(Stored records)
====

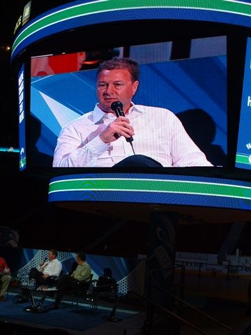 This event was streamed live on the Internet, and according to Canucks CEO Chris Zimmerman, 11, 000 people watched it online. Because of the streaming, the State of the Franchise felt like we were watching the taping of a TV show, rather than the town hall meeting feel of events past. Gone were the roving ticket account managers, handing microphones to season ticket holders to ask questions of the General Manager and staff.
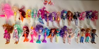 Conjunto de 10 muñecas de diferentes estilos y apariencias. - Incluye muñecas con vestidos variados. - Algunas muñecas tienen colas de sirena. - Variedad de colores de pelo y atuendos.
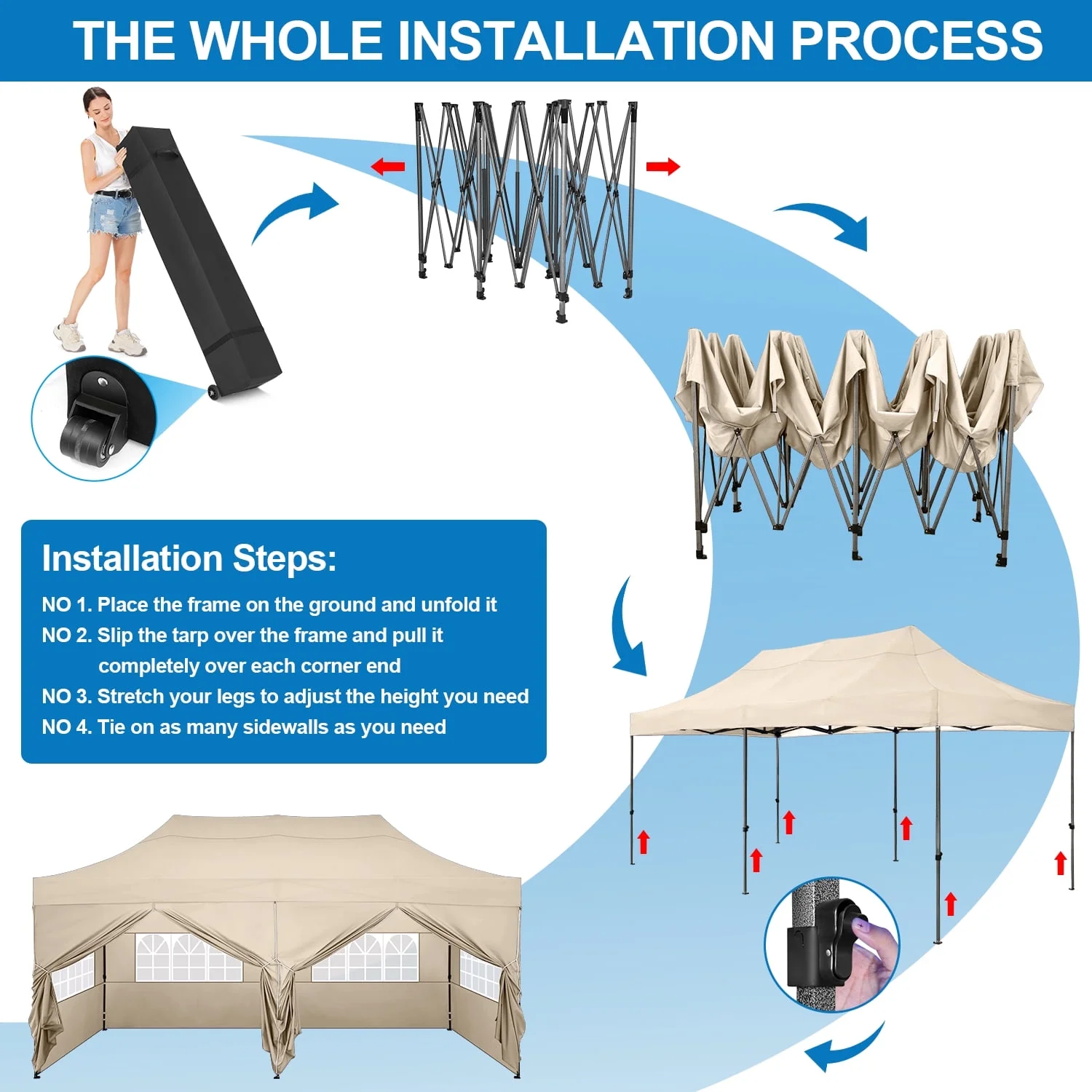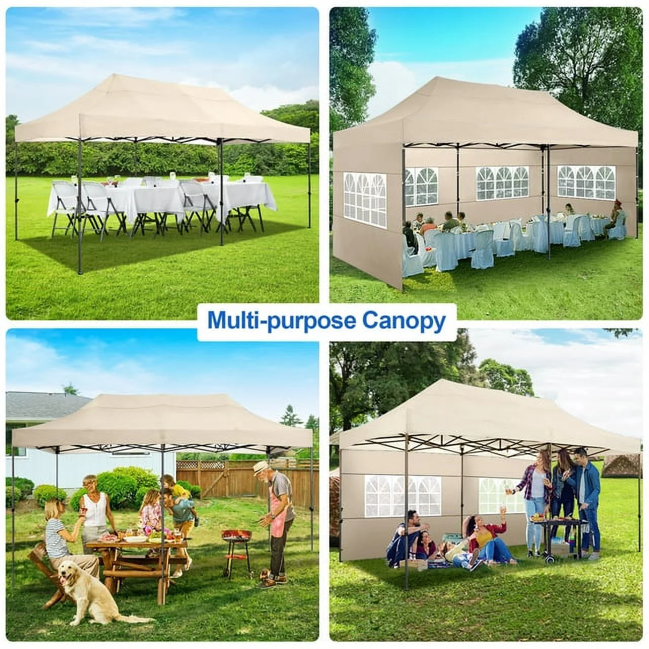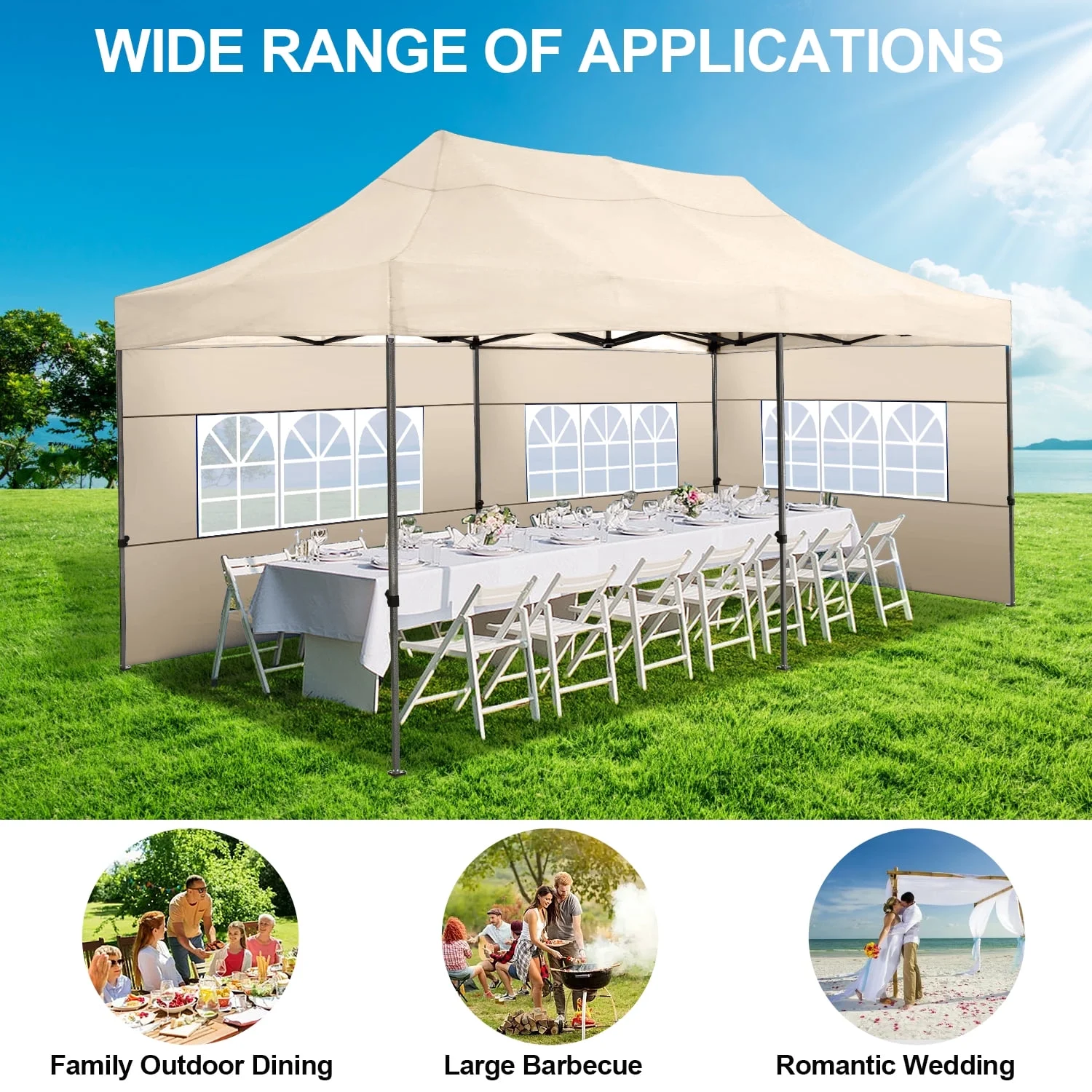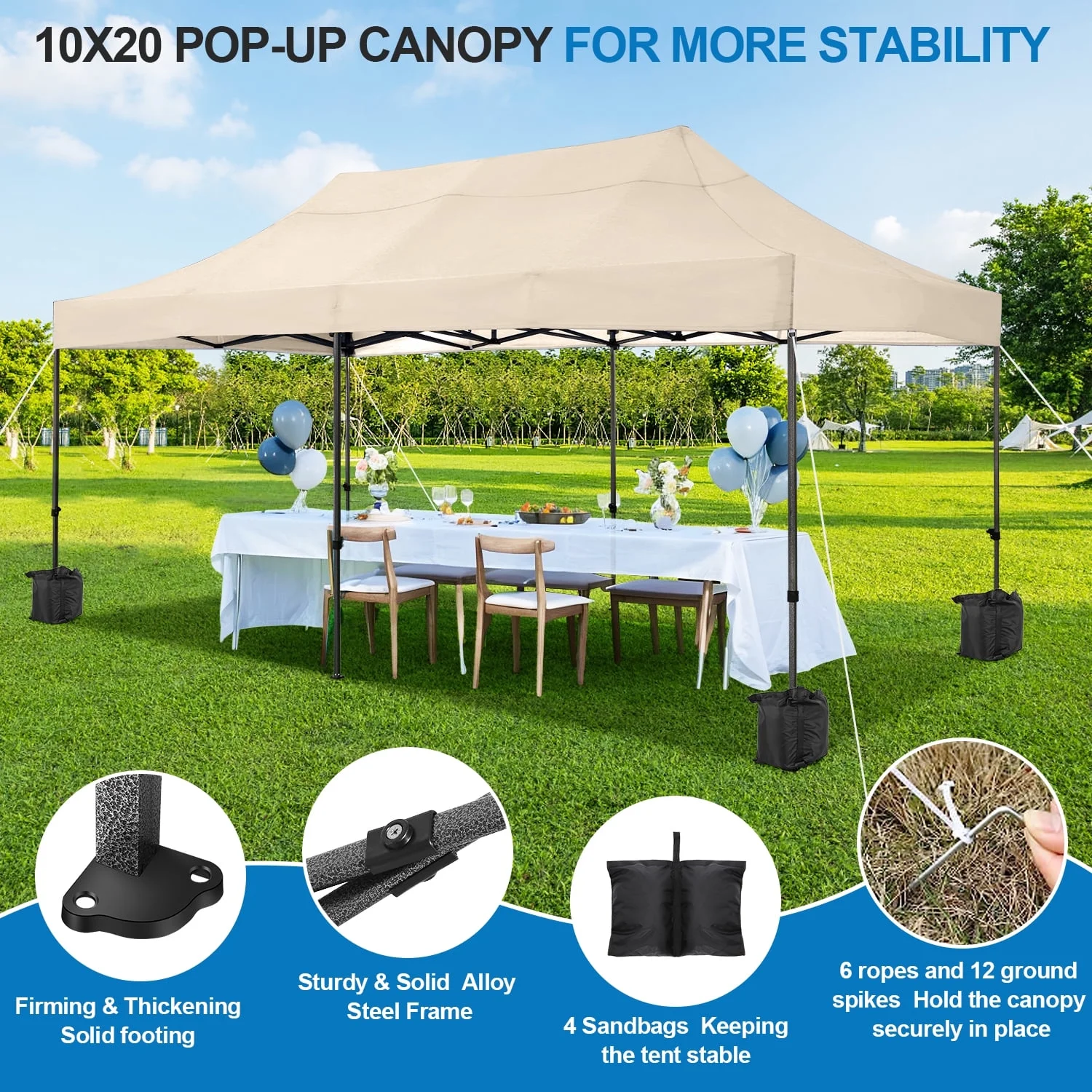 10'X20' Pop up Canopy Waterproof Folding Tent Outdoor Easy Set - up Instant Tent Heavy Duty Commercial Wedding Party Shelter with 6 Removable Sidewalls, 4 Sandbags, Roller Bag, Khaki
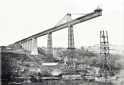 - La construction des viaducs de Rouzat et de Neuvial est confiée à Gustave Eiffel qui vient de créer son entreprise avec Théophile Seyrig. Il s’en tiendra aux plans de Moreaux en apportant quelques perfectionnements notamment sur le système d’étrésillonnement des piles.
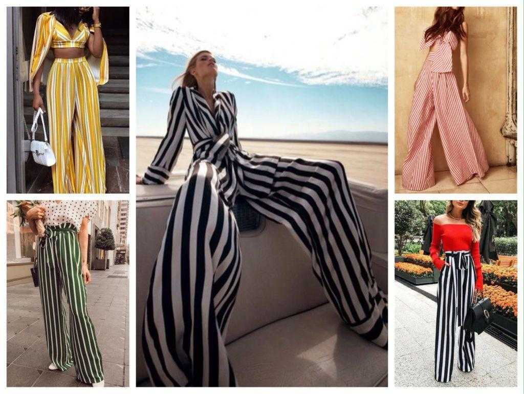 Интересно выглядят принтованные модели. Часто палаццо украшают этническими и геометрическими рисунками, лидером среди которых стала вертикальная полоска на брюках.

====

» Exercise: Excluding the pictures, retype the line containing "10'X20' Pop up" and all lines after it down to the end of the data above.

» Reply:
 10'X20' Pop up Canopy Waterproof Folding Tent Outdoor Easy Set - up Instant Tent Heavy Duty Commercial Wedding Party Shelter with 6 Removable Sidewalls, 4 Sandbags, Roller Bag, Khaki
 - La construction des viaducs de Rouzat et de Neuvial est confiée à Gustave Eiffel qui vient de créer son entreprise avec Théophile Seyrig. Il s’en tiendra aux plans de Moreaux en apportant quelques perfectionnements notamment sur le système d’étrésillonnement des piles.
 Интересно выглядят принтованные модели. Часто палаццо украшают этническими и геометрическими рисунками, лидером среди которых стала вертикальная полоска на брюках.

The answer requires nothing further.